The Cabanon, as its architect-owners Beatriz Ramo and Bernd Upmeyer prefer to call it, takes the 1951 vacation retreat Le Corbusier designed for himself in the Côte d'Azur as inspiration and includes a living room, sleeping pod, and tiny bathroom component with a small toilet, rain-shower, and spa.
Each of these spaces comes color-coded, an effect that counteracts the apparent cramping quality of the space. A series of built-ins are another pivotal inclusion, affording them space to store items for their guests behind a tangerine-colored wall.

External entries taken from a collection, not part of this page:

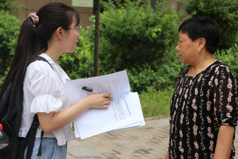在摆点宣传的同时,bevictor伟德官网社会调查小队的走访调查工作也进行得如火如荼。由于杉山社区内小区众多,因此bevictor伟德官网社会调查小队分为两个小组有计划的对社区内的居民进行走访问卷调查。在调查过程中,一位不愿意透露姓名的王女士指出目前社区内存在着诸多问题,如建筑老旧、墙皮脱落、设施老化、安全隐患大等等。在问及物业管理相关的问题时,王女士表示新的物业公司入驻不久,其实施的物业管理的效果并不明显,但她认为物业公司的入驻一定程度上有益于社区管理,并对未来物业公司的进一步措施表示期待。
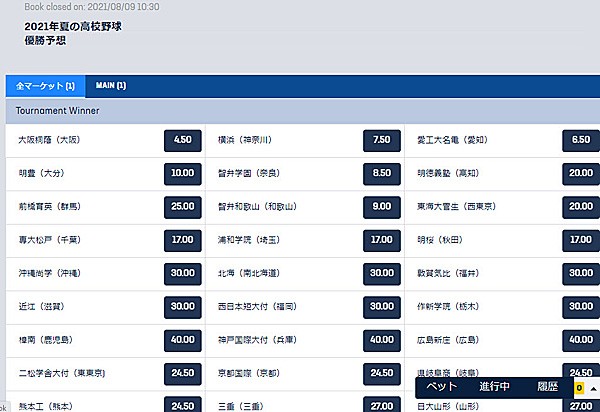 コニベットはスポーツブックにも対応しており、サッカー・バスケットボール・テニスなどの主要スポーツに加え、 日本向けのコンテンツとしてRIZINや高校野球にもベットが可能です。
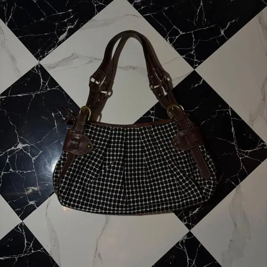 체크 무늬 핸드백, 브라운 스트랩 포함.

Ramo and Upmeyer acquired the upper floor residual space in the upper portion of their post-war apartment building in 2013. Upmeyer is the founder of BOARD (Bureau of Architecture, Research and Design), while Ramo runs the show at STAR strategies + architecture. Together, they say this is simultaneously an "epicurean reduction" and "temple" to their mid-size proportions (about 5-foot-7 and 5-foot-10, respectively). The modulators calculated very specific ceiling heights tailored to the use of different areas. The resulting dimensions are 43 square feet for the sleeping pod, 39 square feet for the living space, and 23 square feet for the bathroom (not including the 12 square foot shower).

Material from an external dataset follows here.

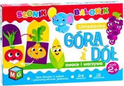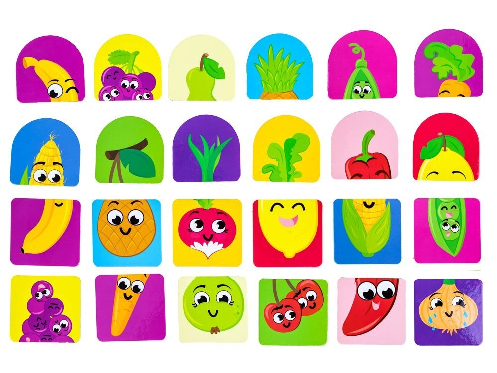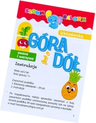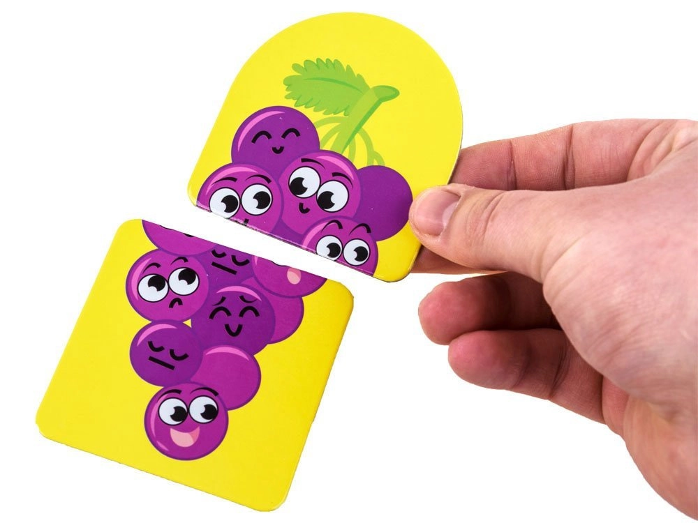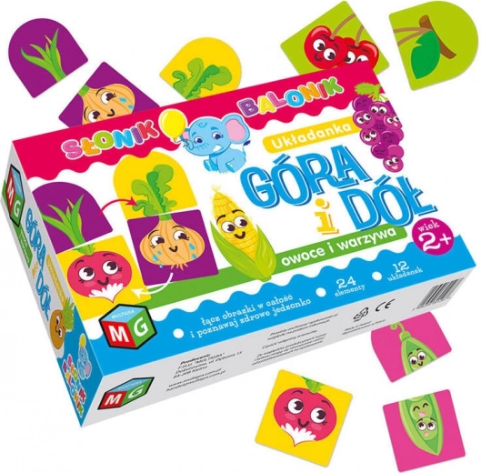 Zabavna izobraževalna igra za najmlajše, pri kateri otroci povezujejo del »zgoraj« z delom »spodaj«. S preprostimi ilustracijami z nasmejanimi motivi sadjá in zelenjave razvijajo logično razmišljanje, povezovanje v pare in opazovalne sposobnosti. Veliki koščki iz čvrstega kartona se zlahka držijo in so varni za majhne roke.

Speaking of the potential lesson to be gleaned from their innovation, the architects explain: "The Cabanon could help optimizing housing and costs but in no way does it advocate towards the reduction of surfaces as the only strategy towards affordable housing, neither it pretends to become the 'house of the future.'"
"However, we can extrapolate some of its strategies in order to make current housing production better and cheaper. Some of these are: the optimisation of space–optimisation not understood as ‘reduction’ but as ‘maximisation’ of the possibilities of one space; the modulation of heights of certain spaces in order to superpose some functions; and the detachment towards possession and consumerism."
This claim to the "smallest apartment in the world" was created around the same time Ramo was designing the Ilot-3H in Paris, a large housing complex with 288 experimental apartments.